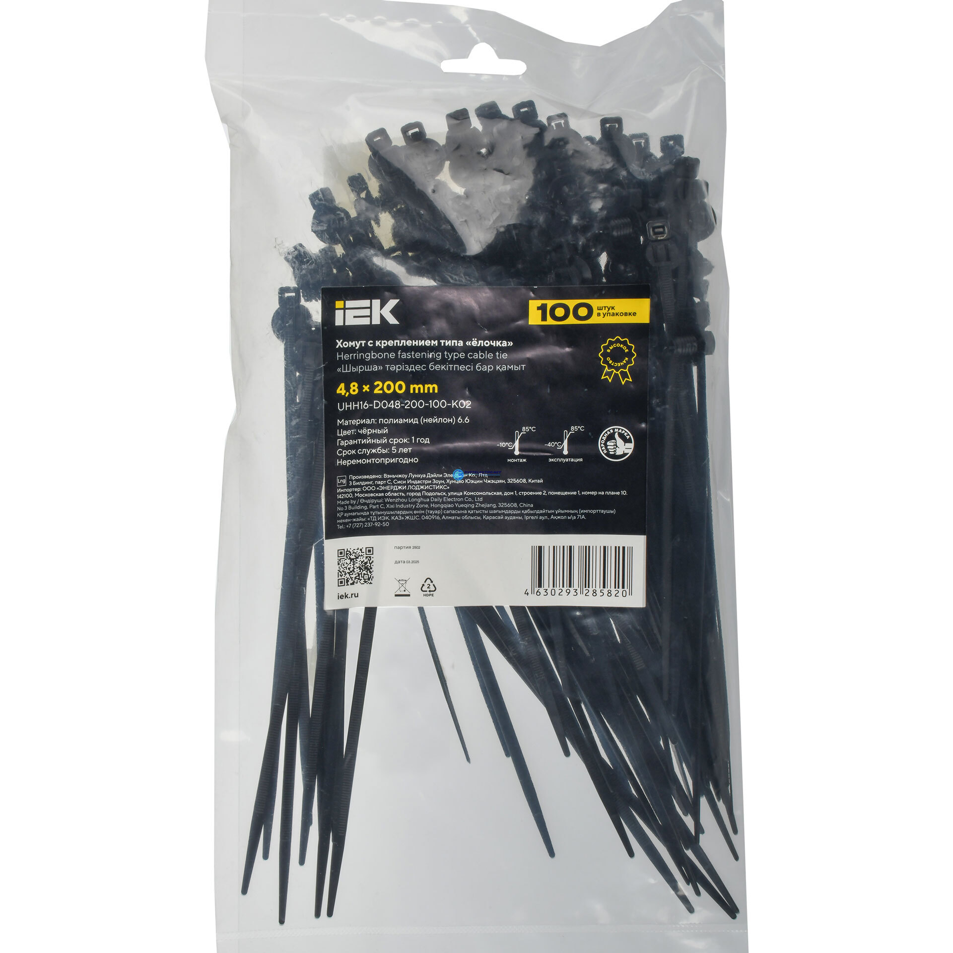 Хомут P6.6 с креплением на елочку черный 4.8х200мм 100шт/упак, код UHH16-D048-200-100-K02, производитель IEK
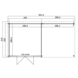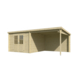 Deze blokhut met overkapping is voorzien van een schuin aflopend dak met de afwatering aan de achterzijde. Dit type blokhut met overkapping kan gespiegeld worden opgebouwd. In dat geval wordt het overkapte deel aan de linkerkant geplaatst en het dichte gedeelte rechts. De latten voor de 4-vlaks raamverdeling op de ruit in de deur worden los meegeleverd.
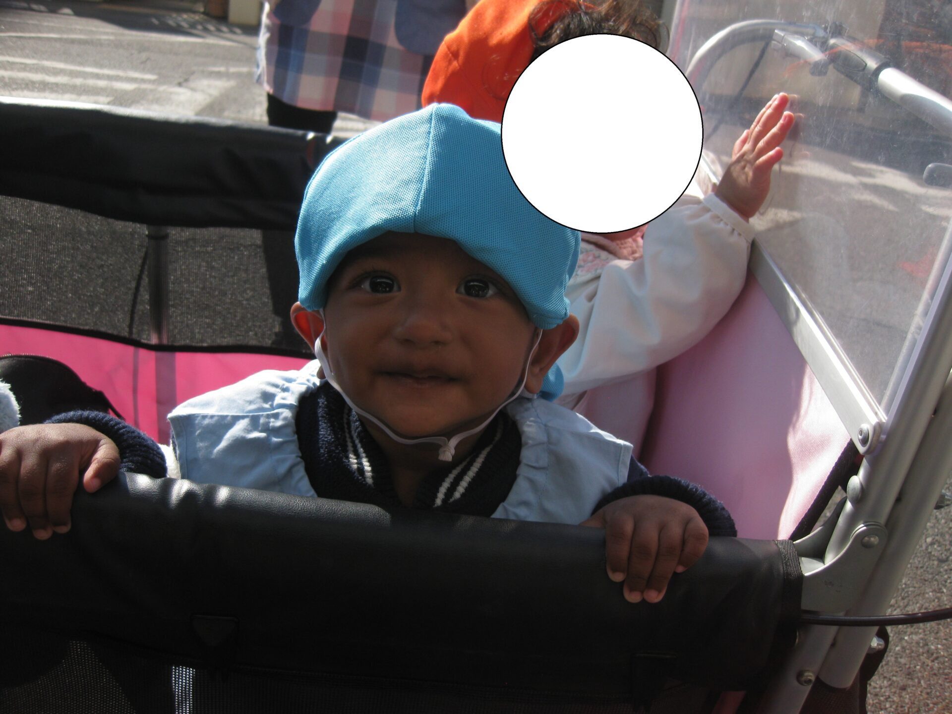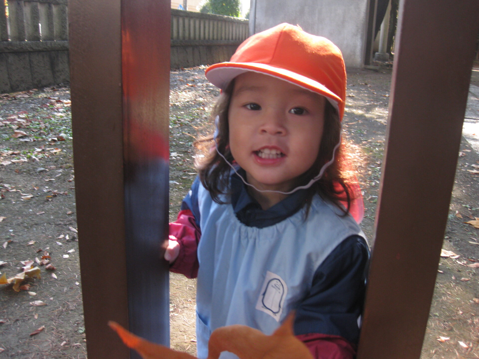葉っぱを手に取り、「見て~」と言っているかのような笑顔です🥰
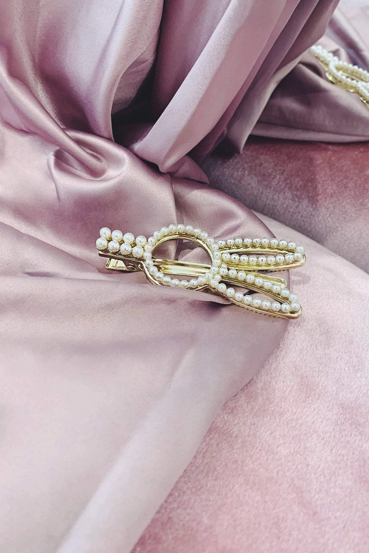 The Gold Pearl Bunny Hair Clip is perfect. It features a unique bunny design with pearl detailing. We love pairing this style with our flowy gowns.Â
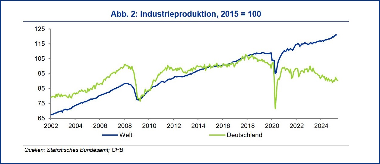 Auch wenn aktuell der schlechte Konjunkturausblick an den US-Zöllen festgemacht wird. Das Handelsabkommen zwischen der EU und den USA ist nur ein Aspekt von vielen: Es gibt die Euro-Aufwertung, die einen preislichen Wettbewerbsverlust nicht nur für die Exporte in die USA darstellt. Zudem hat sich der Wettbewerbsdruck und die Marktverdrängung durch China (s. Bundesbank 2024) verschärft, und die Weltwirtschaft wächst grundsätzlich schwächer. Weniger im Fokus – doch für den Industriestandort entscheidend – ist die Investitionszurückhaltung in Deutschland, die die deutsche Reaktion auf globale Impulse dämpft.
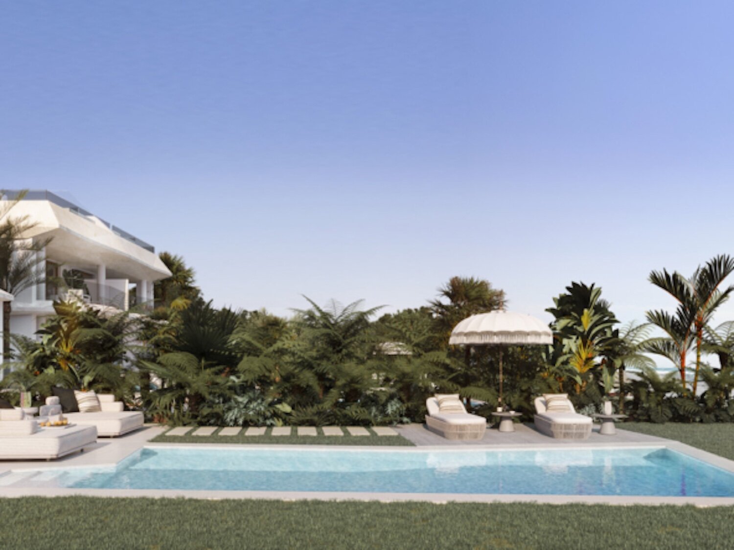 Cada propiedad cuenta con una parcela privada de aproximadamente 500 m2 y consta de 4 dormitorios, 4 baños y un aseo de invitados. La zona exterior se extiende desde el porche cubierto hasta la piscina y concluye con un arenal privado donde podrá disfrutar de su propia playa junto al mar.
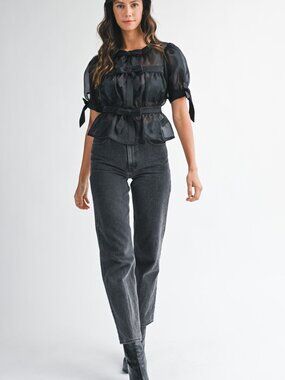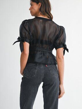 NWT Mable Black Aurelie Organza Bow Puff Short Sleeve Top
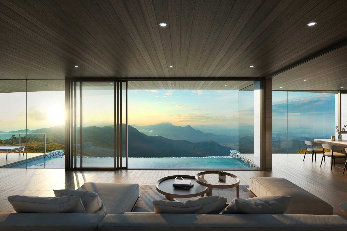 The villas provide surrounding views to residents from each room and maximize living areas in a panoramic view .
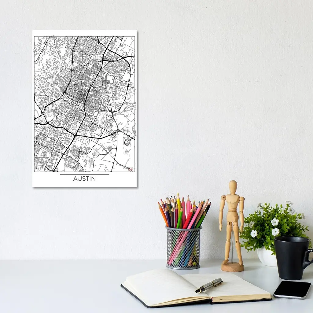 Icanvas "Austin Minimal Urban Blueprint Map" By Hubert Roguski Canvas Print - 12x8x0.75
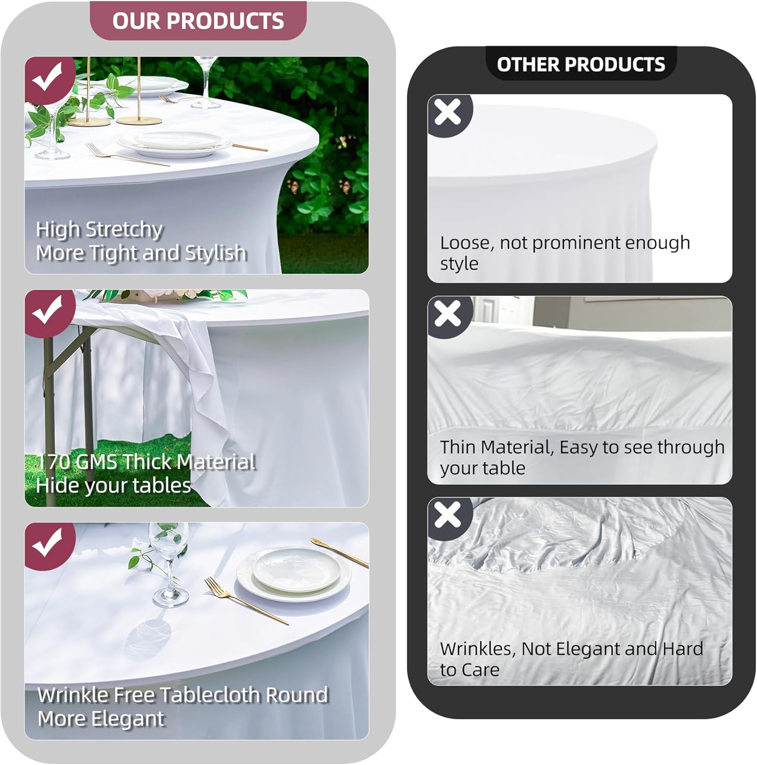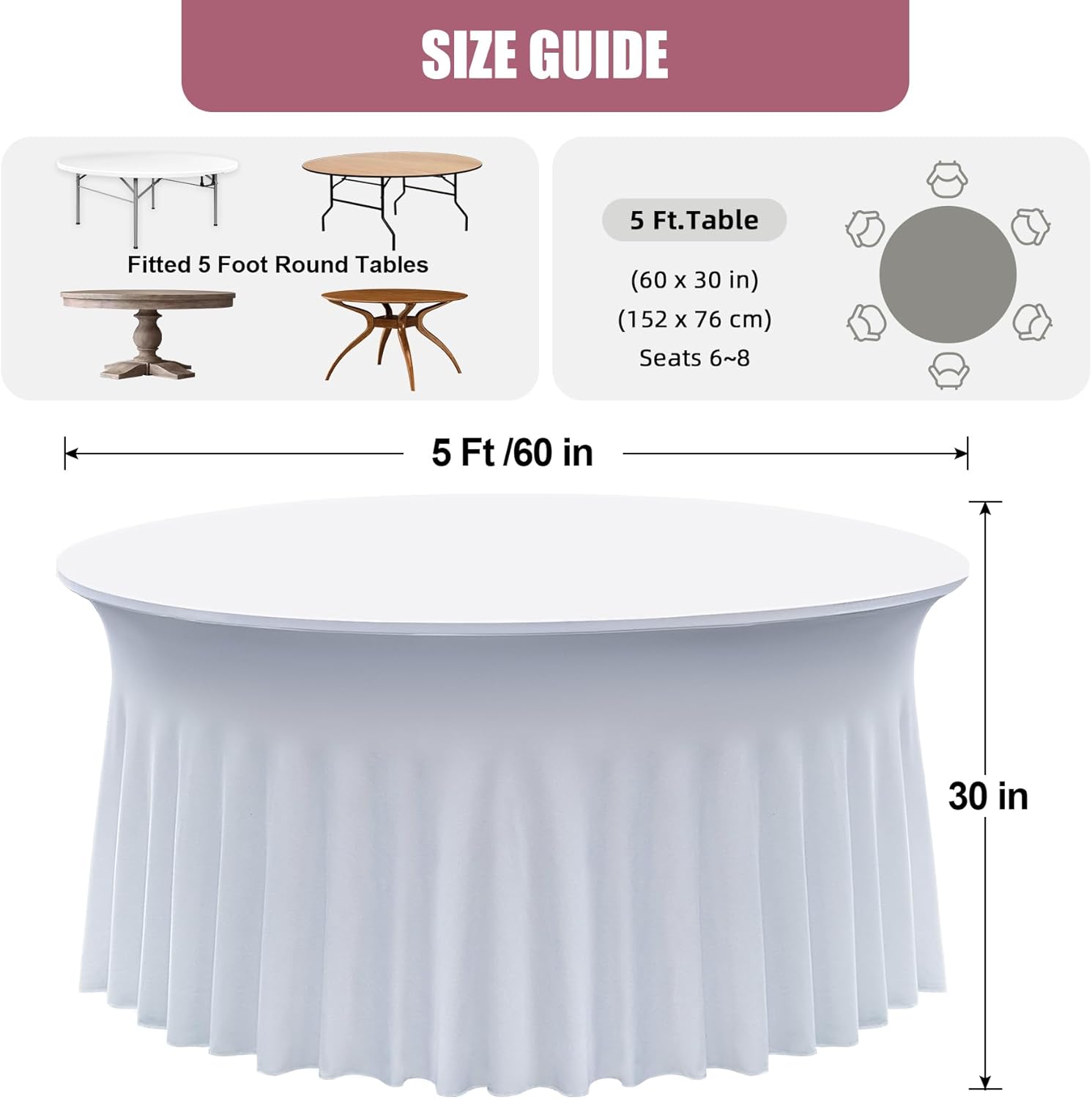 - 【Package and Size】 - Your Package will come with 4 pack white round spandex tablecloth,the size of each tablecloth is 60 inches in diameter and 30inch in height,to the flooor, tighy fit 5ft round party tables.

==================================================

# [Work order]
Return exactly the lines above, from the one with "Auch wenn aktuell" up to and including the one with "Cada propiedad cuenta", and include no pictures.

# [Exercise result]
 Auch wenn aktuell der schlechte Konjunkturausblick an den US-Zöllen festgemacht wird. Das Handelsabkommen zwischen der EU und den USA ist nur ein Aspekt von vielen: Es gibt die Euro-Aufwertung, die einen preislichen Wettbewerbsverlust nicht nur für die Exporte in die USA darstellt. Zudem hat sich der Wettbewerbsdruck und die Marktverdrängung durch China (s. Bundesbank 2024) verschärft, und die Weltwirtschaft wächst grundsätzlich schwächer. Weniger im Fokus – doch für den Industriestandort entscheidend – ist die Investitionszurückhaltung in Deutschland, die die deutsche Reaktion auf globale Impulse dämpft.
 Cada propiedad cuenta con una parcela privada de aproximadamente 500 m2 y consta de 4 dormitorios, 4 baños y un aseo de invitados. La zona exterior se extiende desde el porche cubierto hasta la piscina y concluye con un arenal privado donde podrá disfrutar de su propia playa junto al mar.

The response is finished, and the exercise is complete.